EXERCISE BRIEF: Your job is to return every line of the listing holding the string "related".

DATA SUPPLIED:
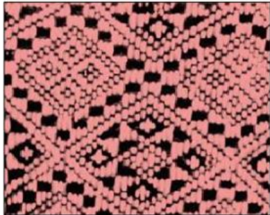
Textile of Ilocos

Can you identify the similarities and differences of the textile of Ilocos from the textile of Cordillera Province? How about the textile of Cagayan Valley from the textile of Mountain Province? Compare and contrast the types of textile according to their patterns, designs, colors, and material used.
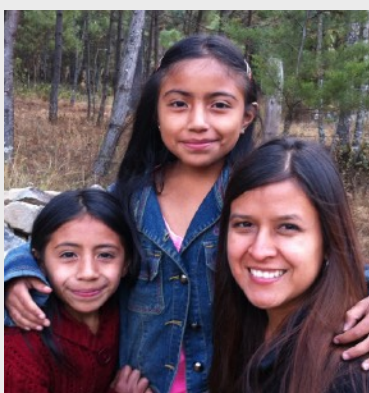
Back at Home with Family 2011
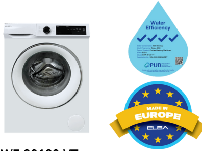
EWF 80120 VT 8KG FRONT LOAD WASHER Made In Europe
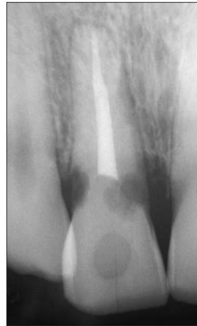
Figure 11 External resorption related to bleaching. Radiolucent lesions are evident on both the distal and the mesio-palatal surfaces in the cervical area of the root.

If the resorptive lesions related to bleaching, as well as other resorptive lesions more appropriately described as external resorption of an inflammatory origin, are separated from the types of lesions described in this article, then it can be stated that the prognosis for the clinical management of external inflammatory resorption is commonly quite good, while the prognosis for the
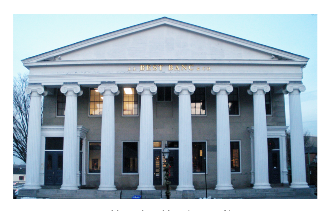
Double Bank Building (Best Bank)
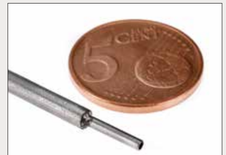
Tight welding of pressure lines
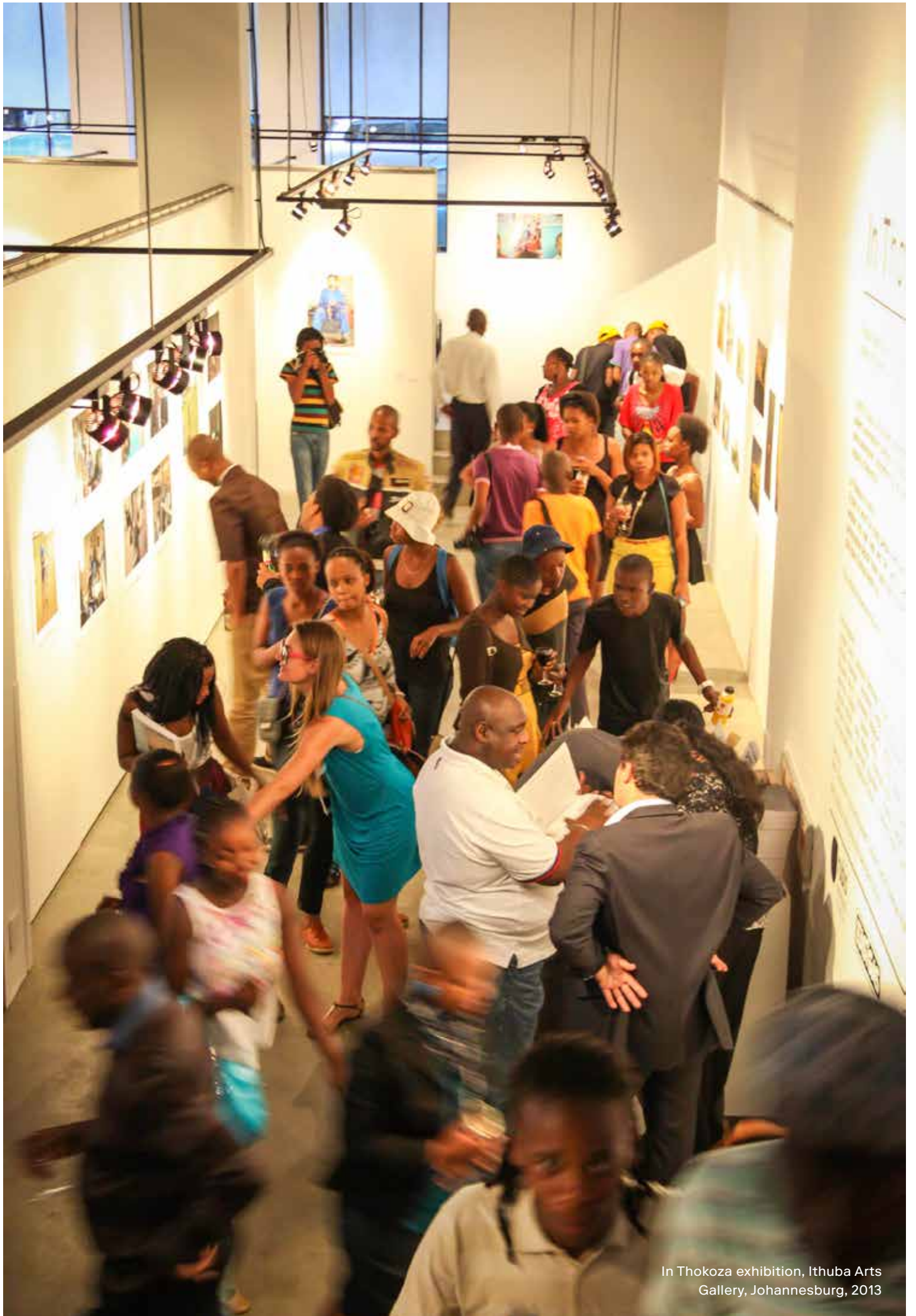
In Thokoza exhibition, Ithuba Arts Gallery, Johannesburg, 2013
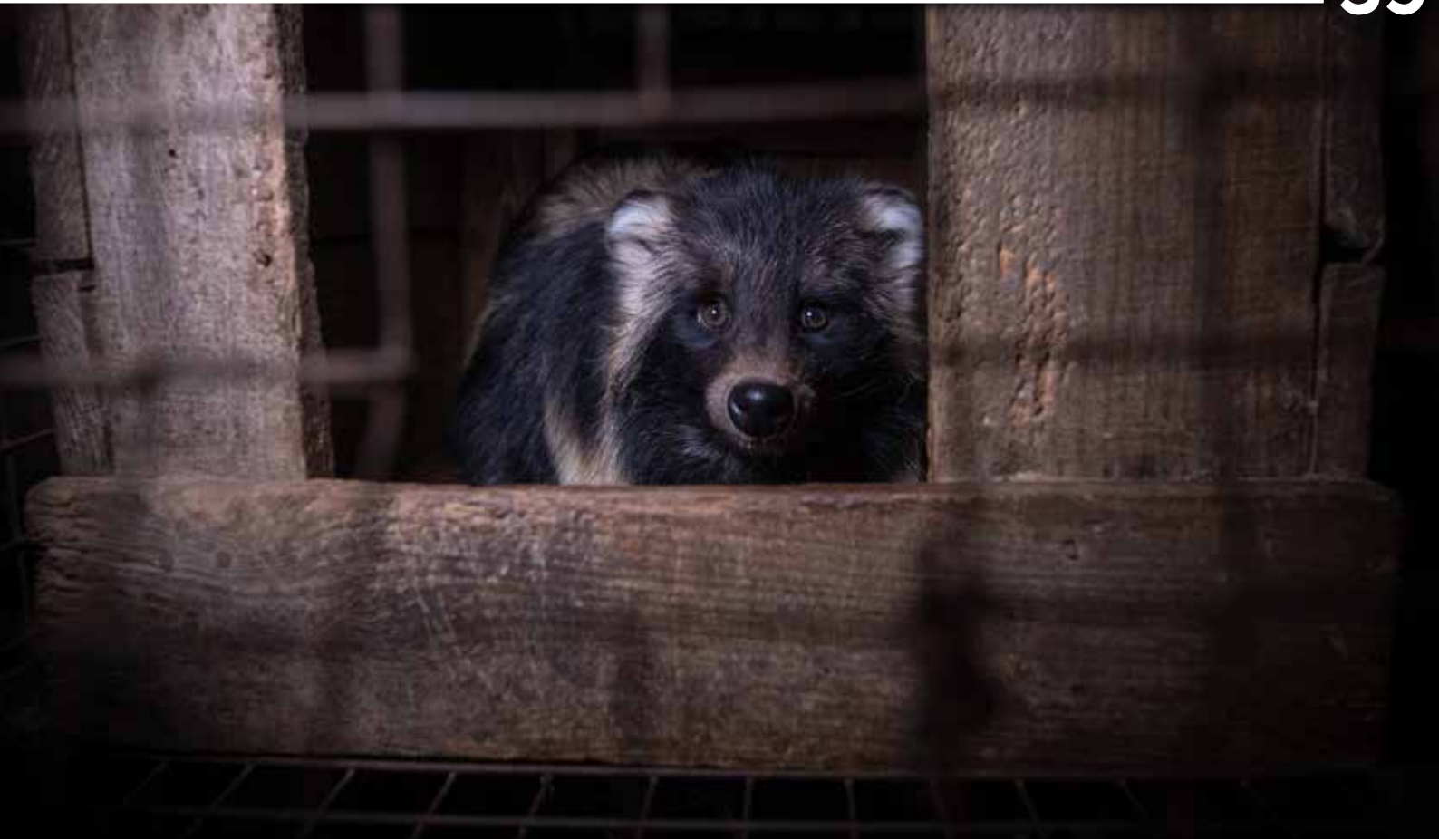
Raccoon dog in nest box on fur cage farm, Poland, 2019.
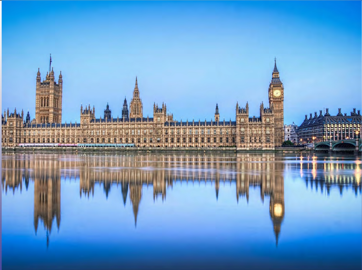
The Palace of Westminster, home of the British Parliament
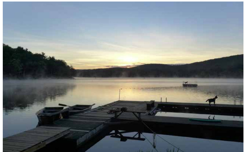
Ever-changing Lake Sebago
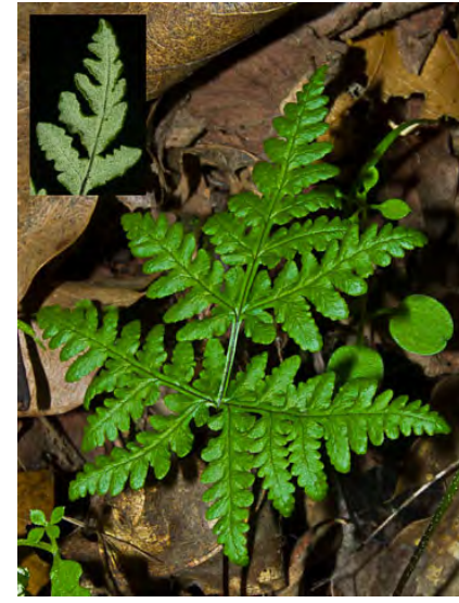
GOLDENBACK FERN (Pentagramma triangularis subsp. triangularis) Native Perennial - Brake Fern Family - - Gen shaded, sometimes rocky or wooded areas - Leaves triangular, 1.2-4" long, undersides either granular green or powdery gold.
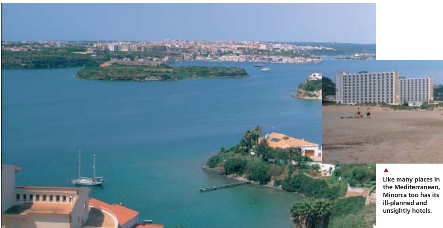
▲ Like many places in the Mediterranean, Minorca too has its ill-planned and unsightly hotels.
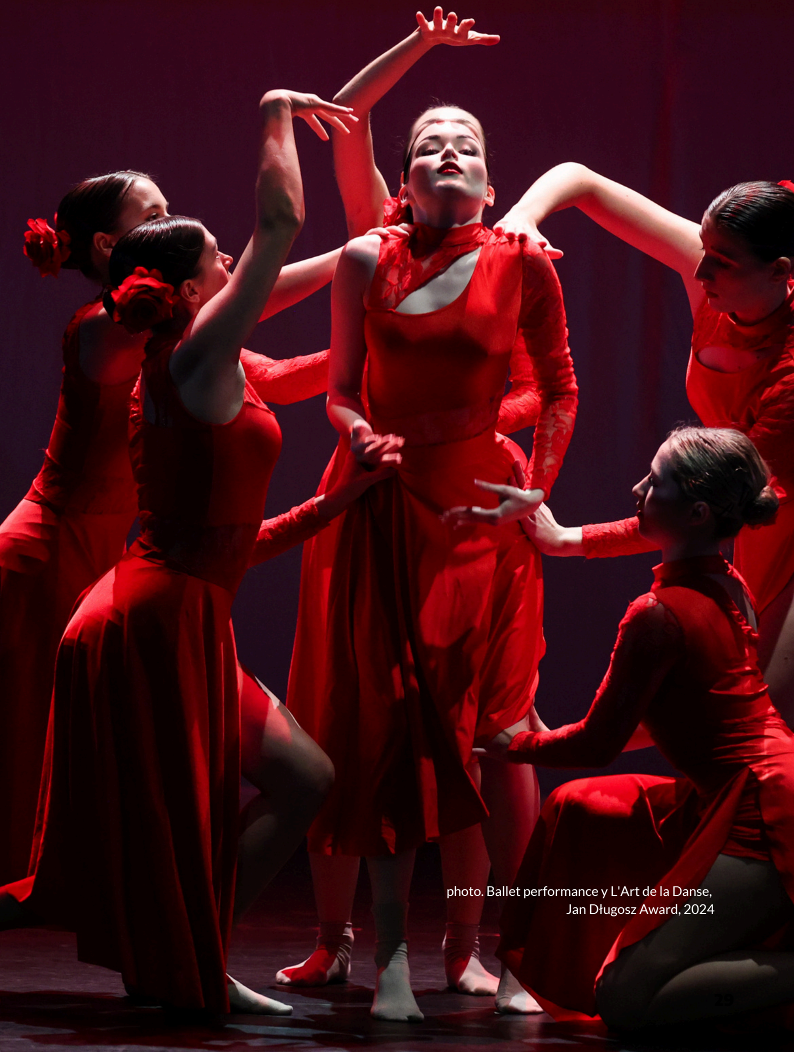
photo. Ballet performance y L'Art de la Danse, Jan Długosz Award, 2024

THE ANSWER:
Figure 11 External resorption related to bleaching. Radiolucent lesions are evident on both the distal and the mesio-palatal surfaces in the cervical area of the root.
If the resorptive lesions related to bleaching, as well as other resorptive lesions more appropriately described as external resorption of an inflammatory origin, are separated from the types of lesions described in this article, then it can be stated that the prognosis for the clinical management of external inflammatory resorption is commonly quite good, while the prognosis for the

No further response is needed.